A suggestion can be stale, that means that the current translation is not the same as the original translation the suggestion was made against. For example it might have taken a few days for the translator to get around to checking suggestions, during which time he'd made some search-replaces which modified the original translation.

There are two possible points in time when a stale suggestion can be detected, when the suggestions are displayed on the client, or when the translator tries to accept/modify a suggestion. It would probably be best to try and detect stale translations when they are displayed to the translator, and it's unlikely the translator will ninja-change his translations while reviewing suggestions.

When there is a stale suggestion, the UI should display something like:

Stale Suggestion! Original: So I have heard. 
Current: Heard thus I did. 
Suggested: Thus I have heard. 

The suggestion state would be set to "accepted" if the suggestion is accepted, "rejected" if the current translation is accepted or "accepted_with_modification" if the translator composes a translation different to both the current and suggested translation.

We could also consider simply not reviewing stale suggestions, that is stale suggestions get bounced back to the proofreader.

Proofreader Actions

Just as the translator can review the pending suggestions, the proofreader should be able to review all of their own suggestions, including seeing stale suggestions. They can modify a suggestion regardless of its state, this changes it to pending state (and updates the original_translation if it was stale). Or they can dismiss a suggestion which simply deletes it, again this option is available regardless of its state.

Perhaps the server would automatically remove suggestions which are in an "FYI" state like rejected/accepted_with_modification after a period of time.

sujato commented 4 years ago

I see the issue with the network connection, but I'm not sure that I am fully convinced. Basically I am concerned that we are throwing away all the rich support of Github's handling of errors and merging.

Philosophically, I want to avoid treating Bilara as a full-featured translation app. It shouldn't become Pootle.

Rather, think of Github as the basic app. Bilara is a bit of GUI grease to make editing translations on Github easier. It should only be used for things that Github doesn't handle well. It's not easy to edit JSON files by hand on Github, so Bilara helps with that. Search is clumsy and used all the time by translators, so we need that.

But handling changes to files, recording the history of them, remembering who did what when, sorting and viewing them in extremely flexible ways: Github is awesome for that.

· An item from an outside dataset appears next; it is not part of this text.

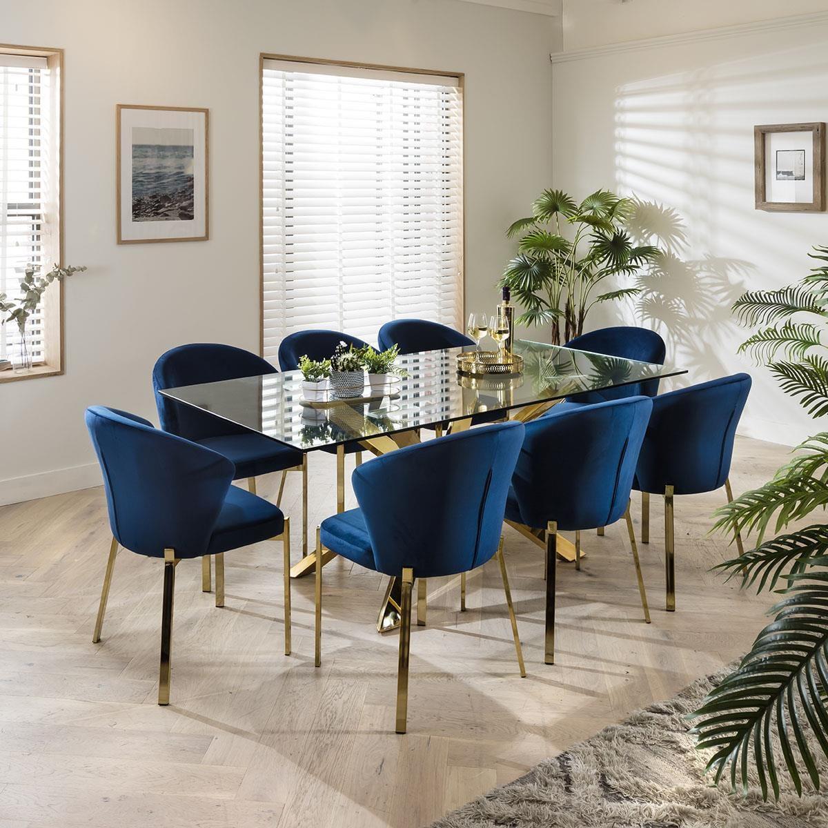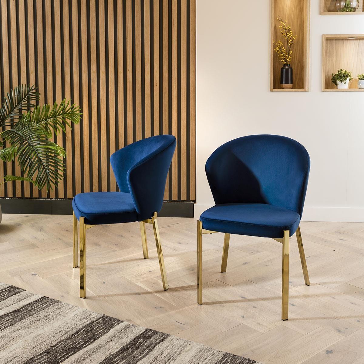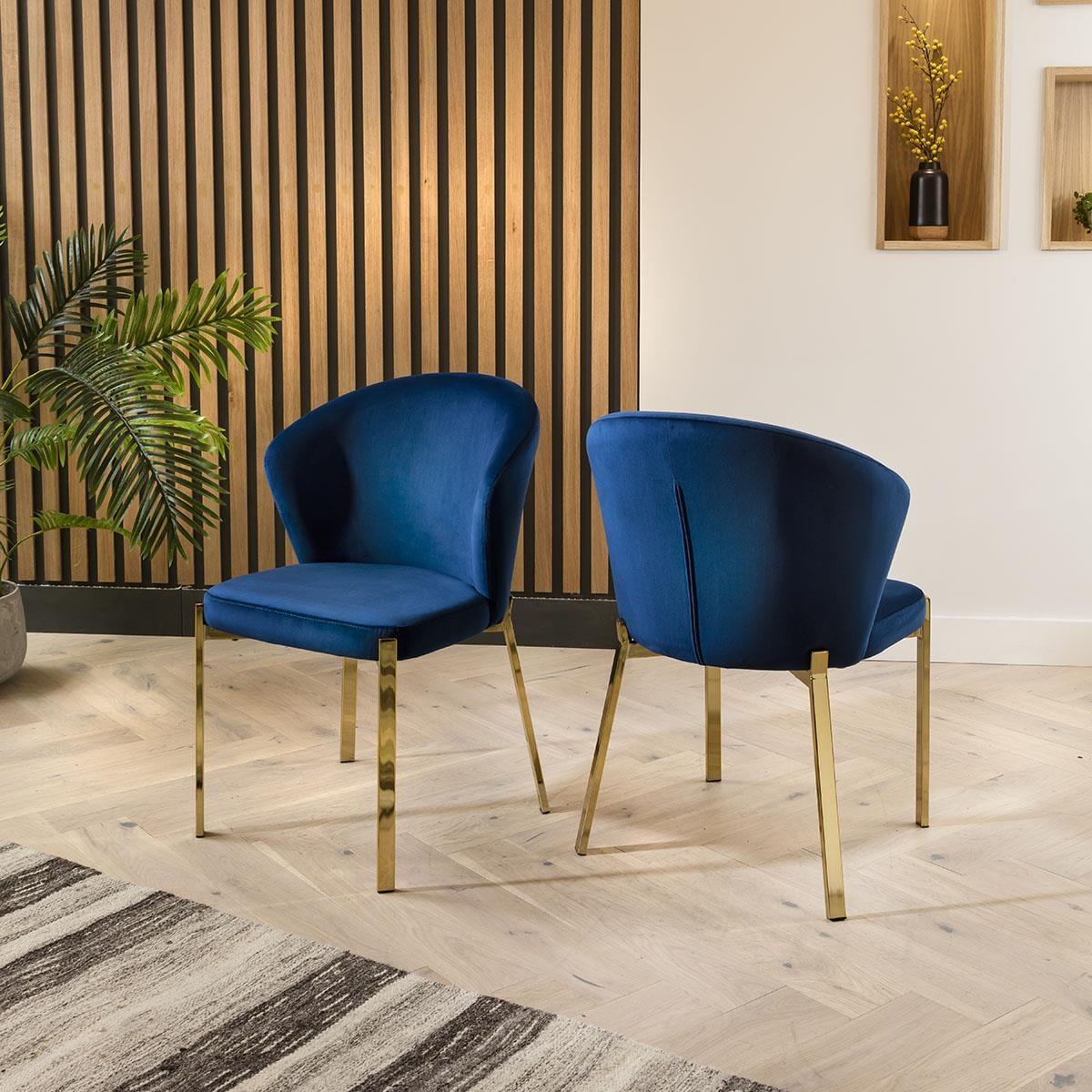 Revitalise your dining room decor with the JLA Luxury Navy Velvet Upholstered Dining Chairs. Graceful, minimalist lines draw inspiration from the signature silhouettes of mid-century dining chairs that blend seamlessly with the luxe comfort of the JLA Collection's soft and stain-resistant performance velvet upholstery. Cleverly proportioned, its curved back is designed to cocoon around you. Supported by dense foam padding and resting atop golden metal tapered legs, the JLA dining chairs are a vintage-modern style that makes this velvet chair ideally suited for a variety of rooms. Seat Height: 46cm W: 57cm, D: 62cm, H: 83cm Also available in Grey or Cream

Okay, so I have three specific problems with your proposal, please correct me if I'm wrong here. Obviously you're the one building the thing, so you decide what mechanism we use. But I want to make sure we meet these requirements.

Visibility of history and other details

I'm not sure exactly what you mean by the "repo" where suggestions.json would live. Where exactly does this JSON file live, and how can I see it? How are changes made to it other than through bilara?

It's essential that we see the history of proposals and changes. First, because it is good to record people's contributions. Second, because sometimes you want to review things. Maybe you think you've made a change, and it doesn't appear, so you want to check whether it was made. Or you accept a proposal, but months later, it seems wrong to you and you can't remember why you accepted it. All this is stuff you get out of the box on Github using PRs, which, again, were designed for exactly this purpose. I'm really reluctant to just throw all that away.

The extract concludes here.